Kenya’s military has recently said it had killed 21 al Shabaab fighters in Somalia where its troops are trying to defeat the militant Islamist group that has often struck civilian targets inside Kenya.
Kenyan troops, which are in Somalia as part of an African Union (AU) deployment, struck a group of al Shabaab fighters in the west of the country, near the Kenyan border, David Obonyo, spokesman for Kenya Defence Forces, said in a statement.
Al Shabaab spokesman Abdiasis abu Musab said its fighters had killed five soldiers, wounded eight and burnt one military vehicle in the fighting. The reports could not be independently verified.
Obonyo said the Kenyan troops suffered no casualties.

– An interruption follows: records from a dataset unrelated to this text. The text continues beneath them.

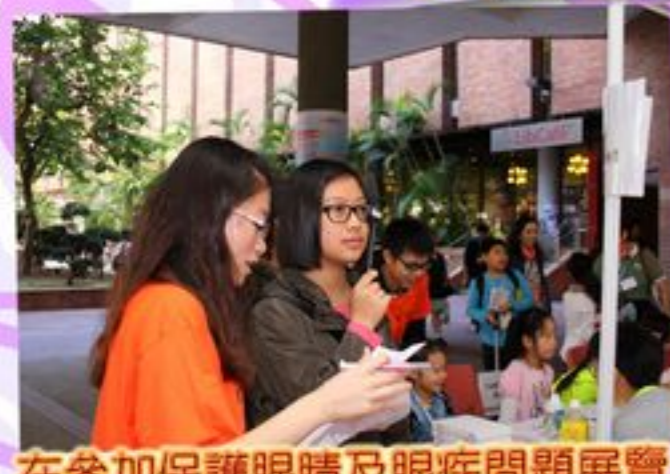
在參加保護眼睛及眼疾問題展覽導賞後不妨來一次視力測試
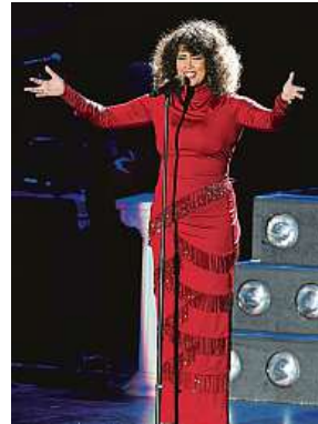
Belinda Davidsová bude opět v Česku. 2x PRSOUIP

Byť jsou si zpěvačky opravdu jak hlasově, tak vizuálně velmi podobné, pro Belindu je prý vždy kompliment slyšet fakt, že jsou jak dvojčata.
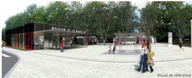
Visuel de référence

Le projet est pensé comme un espace pacifié où les modes de déplacement convergent et s'intègrent, avec une place privilégiée pour les piétons, les cyclistes et les transports en commun. Nous avons suivi une règle simple et essentielle : tout espace public agréable aux personnes à mobilité réduite est agréable à tous.
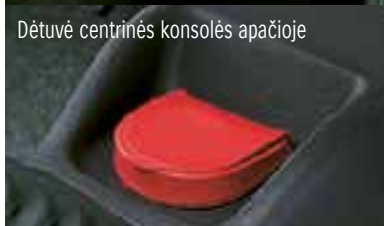
Dėtelė centrinės konsolės apačioje
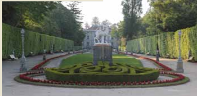
Vista del Jardín Francés
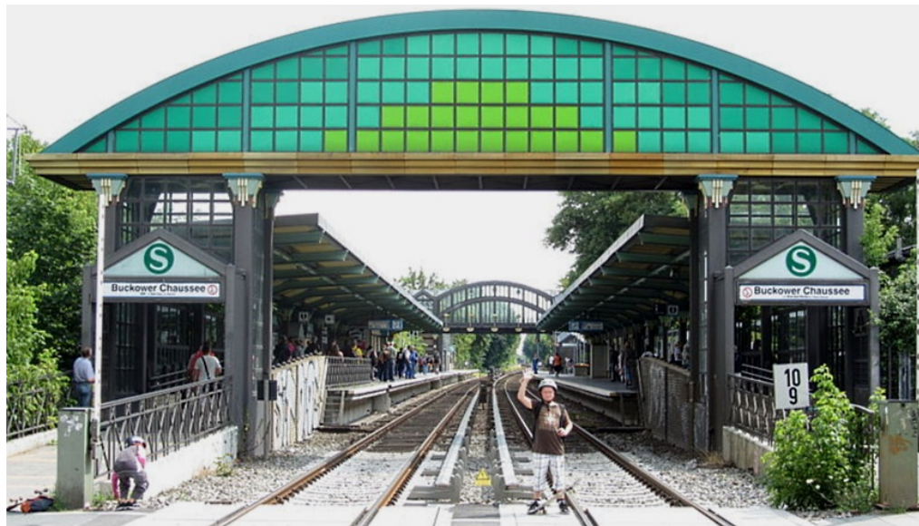
S-Bhf. Buckower Chaussee vom Bahnübergang gesehen

Al Shabaab, a hardline Islamist group, ruled large parts of Somalia until 2011, when it was driven out of Mogadishu by AU and Somali troops. It still control some rural areas and carries out frequent attacks in the capital and other areas in its attempt to dislodge the Western-backed government.
In January, Kenyan troops took heavy losses when al Shabaab made a dawn raid on their camp in El Adde near the Kenyan border. Al Shabaab said it killed more than 100 soldiers. Kenya gave no exact casualty figure.
The group killed 148 students at Garissa University in northeast Kenya in April 2015, the worst militant attack in the country in almost two decades. An al Shabaab attack on the Westgate mall in Nairobi in September 2013 killed 67 people.